At the moment, we deploy our models using the MXNet C API. We do this by using the amalgamation generation script to obtain a single source code file that can be statically linked when compiling our inference program. However, obtaining the amalgamation isn’t straightforward.

Currently evaluating: MMS and Apache TVM

What is MMS?

Multi Model Server (MMS) is an open-source, flexible and easy-to-use tool for serving deep learning models. It is production-ready and allows you to easily load deep learning models. It provides an API endpoint per model to run inference and retrieve the results.

Why are we trying MMS?

Our data science team is small and as we mentioned early we struggle with maintaining complicated production stacks. MMS provides us with an end-to-end solution to serve our deep learning models as a SaaS. We only need to package the inference code with the model and just deploy it.

Preliminary testing shows that it’s faster than our current deployment. Additionally, MMS built-in server logging is quite powerful, making error tracking much easier.

What is Apache TVM?

TVM is an open-source deep learning compiler stack models for CPUs, GPUs, and specialized hardware. Its purpose is to close the gap between the productivity-focused deep learning frameworks, and the performance- or efficiency-oriented hardware backends.

Why are we trying Apache TVM?

TVM offers an interesting value proposition for us. First, it compiles deep learning models developed in MXNet into minimal deployable bundles optimized for our diverse deployment platforms. Secondly, there are many testimonials to the efficiency gains of using TVM with respect to MXNet vanilla deployment. On average, deployment with TVM could boost performance by a factor of 2.

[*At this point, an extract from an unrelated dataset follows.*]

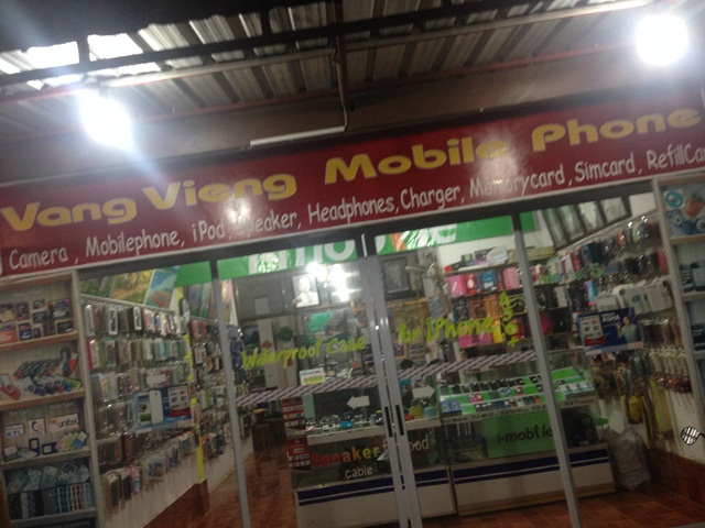 เดินไปเรื่อยนึกขึ้นได้ว่าต้องซื้อซิม เลยไปหาร้านขายซิม เดินหากันอยู่นาน สุดท้ายมาจอดร้านนี้ Vangvieng mobile phone เป็นร้านขายมือถือ แนะนำร้านนี้เพราะแม่ค้าเป็นกันเองมากกกก มาถึงปุ๊ปยังไม่ได้พูดจาทักทายเลย ก็เลอใส่หน้าแล้ว เสียงดังจนเรากับเพื่อนสะดุ้งเลย ฮ่าๆ ยัง ยัง ไม่พอ มาอีกสองก้อนในคอ ฮืมมมม กลิ่นแบบติดจมูก ฮ่าๆๆๆๆๆๆๆๆๆๆๆๆๆๆ

However, our impression is that TVM support at the moment is not mature enough. We hope that in the future TVM can greatly simplify our deployment, helping provide consistent results across different backends and devices.

Final thoughts

We started working with MXNet in version 0.9 about 3 years ago, before the Gluon API existed. After we ported the early stages of our toolkit to Gluon we are quite happy with MXNet’s stability. We have always been excited to hear about a new MXNet update given that each major version brought tangible performance improvements, quality of life features — like the swift implementation of state-of-the-art blocks — and, unlike other deep learning frameworks, this one always preserves compatibility.

Overall, quite a pleasant experience. Keep the good work, MXNet team!

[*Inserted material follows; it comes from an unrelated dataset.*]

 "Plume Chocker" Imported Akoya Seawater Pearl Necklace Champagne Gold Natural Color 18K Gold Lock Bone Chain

Wiris is a software company that develops B2B and B2C solutions for the Educational Technology Industry (EdTech). Our main goal is to offer advanced calculation and presentation tools for maths education with emphasis on internet technology solutions. The company was founded in 1999 by teachers and former students from Universitat Politècnica de Catalunya (UPC) to commercially exploit a research project that developed a next generation computer algebra system. As of the writing of this post, the company has about 50 employees.

The products currently commercialized by Wiris are: MathType (equation editor), Wiris Quizzes (automatic assessment tool of math questionnaires) and CalcMe (online calculator powered by a computer algebra system and a graph engine).